3
votes

I have an Azure Storage container which contains a mix of files (pdf, doc, docx, jpg, png, ...) stored as blobs.

I'm trying to use the Azure Search blob indexer to index the meta data for all files (including images), and where possible, extract the content for full text searching (obviously images don't have any extractable text content).
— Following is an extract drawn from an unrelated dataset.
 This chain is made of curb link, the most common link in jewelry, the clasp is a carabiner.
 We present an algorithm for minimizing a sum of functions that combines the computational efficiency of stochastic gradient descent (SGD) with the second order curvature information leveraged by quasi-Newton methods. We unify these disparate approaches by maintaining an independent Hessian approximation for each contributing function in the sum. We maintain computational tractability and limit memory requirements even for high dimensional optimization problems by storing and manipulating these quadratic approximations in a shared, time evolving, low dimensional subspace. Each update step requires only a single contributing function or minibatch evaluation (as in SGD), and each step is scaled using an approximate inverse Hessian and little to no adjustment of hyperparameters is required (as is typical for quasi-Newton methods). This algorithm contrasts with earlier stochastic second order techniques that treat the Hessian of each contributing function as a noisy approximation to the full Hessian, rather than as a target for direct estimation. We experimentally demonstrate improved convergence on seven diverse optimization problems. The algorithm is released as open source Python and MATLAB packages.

The idea behind wanting to extract image metadata is that I want an entry in the search index for an image because I have additional data in DocumentDB that I want to manually merge in to the search index using a WebJob.

Using the Azure Portal I have added the data source, index and indexer, however, when the indexer runs, it's failing with the following error:

Document 'https://xxx.blob.core.windows.net/xxx/xxxxxxxx-xxxx-xxxx-xxxx-xxxxxxxxxxxx-v1' has unsupported content type 'image/jpeg'

Reading the documentation on https://azure.microsoft.com/en-us/documentation/articles/search-howto-indexing-azure-blob-storage/#using-custom-metadata-to-control-document-extraction it mentions that if I add metadata to the blob with a key of "AzureSearch_SkipContent" and a value of "true" then it should not attempt to try extracting content.
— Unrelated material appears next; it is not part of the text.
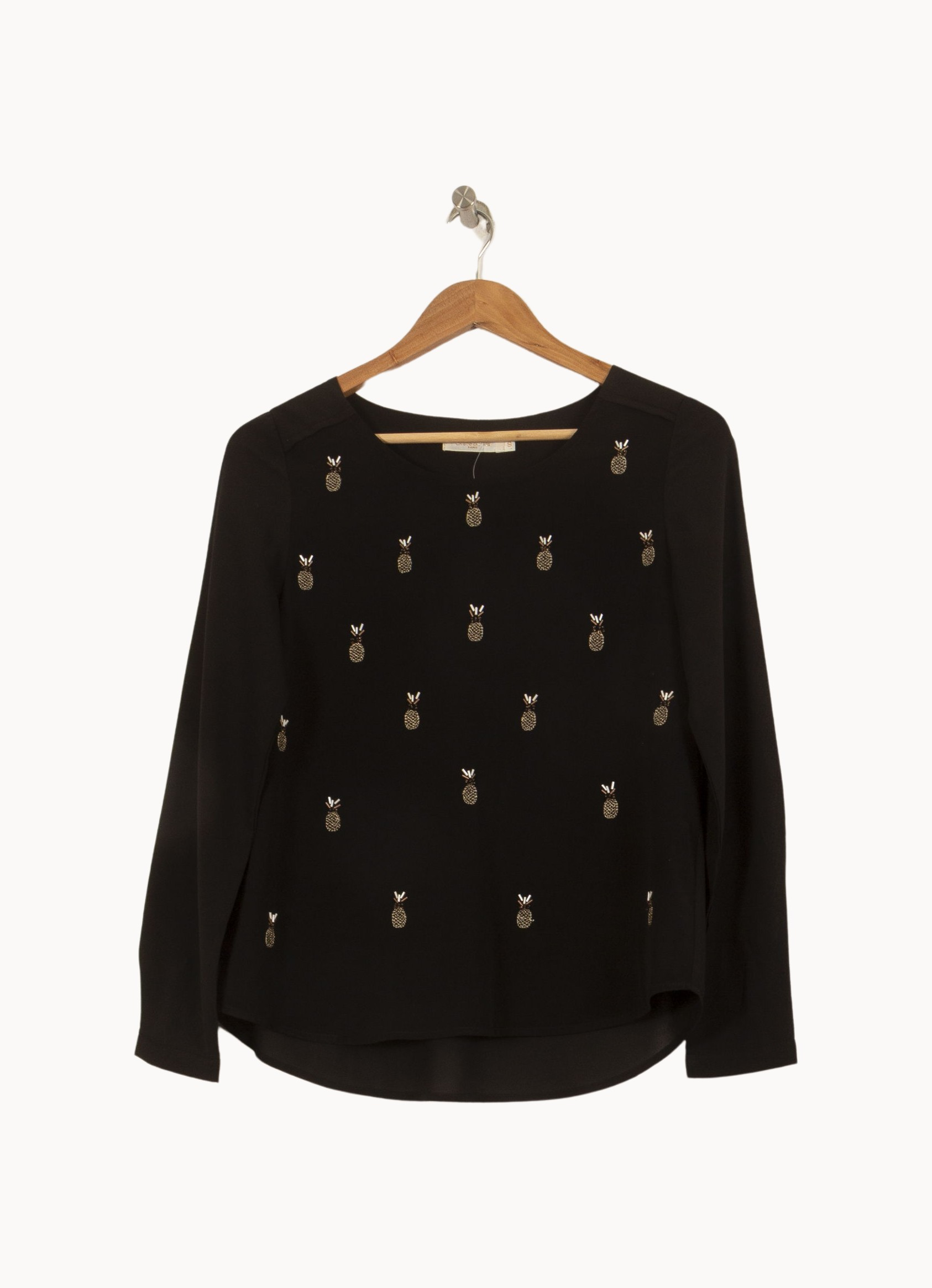 Top noir à manches longues orné de broderies ananas, Grace & Mila, taille S/36. Ce haut se distingue par sa matière fluide et confortable, sublimée de broderies dorées en forme d’ananas qui lui apportent une touche d’originalité raffinée. Idéal pour un déjeuner entre amis ou pour apporter une note élégante à une tenue de bureau.

After adding the "AzureSearch_SkipContent" metadata to all content types not listed in the table on https://azure.microsoft.com/en-us/documentation/articles/search-howto-indexing-azure-blob-storage/#content-type-specific-metadata-properties , the indexer is still failing with the error above.

If I add "AzureSearch_Skip" metadata set to "true" then the indexer does skip the image blob, but then I don't have anything in the index for it - which is not what I want.

Here is an example of the steps I'm trying to achieve:

  • An image of (for example) a fire extinguisher is saved to blob storage
  • At the same time I store in DocumentDB some extra information about the fire extinguisher
  • I want the blob indexer to find the new image and add a row to the search index for the new blob, without trying to extract any text content
  • A custom WebJob will update the new row in the search index with information from the related DocumentDB document

So, should it be possible to add "AzureSearch_SkipContent" to an image blob and have something appear in the search index for it? Or is my only solution to "AzureSearch_Skip" it completely and then manually add something in to the search index for it?

1

1 Answers

3
votes

AzureSearch_SkipContent flag only works for supported content types, where Azure Search can extract content-type specific metadata.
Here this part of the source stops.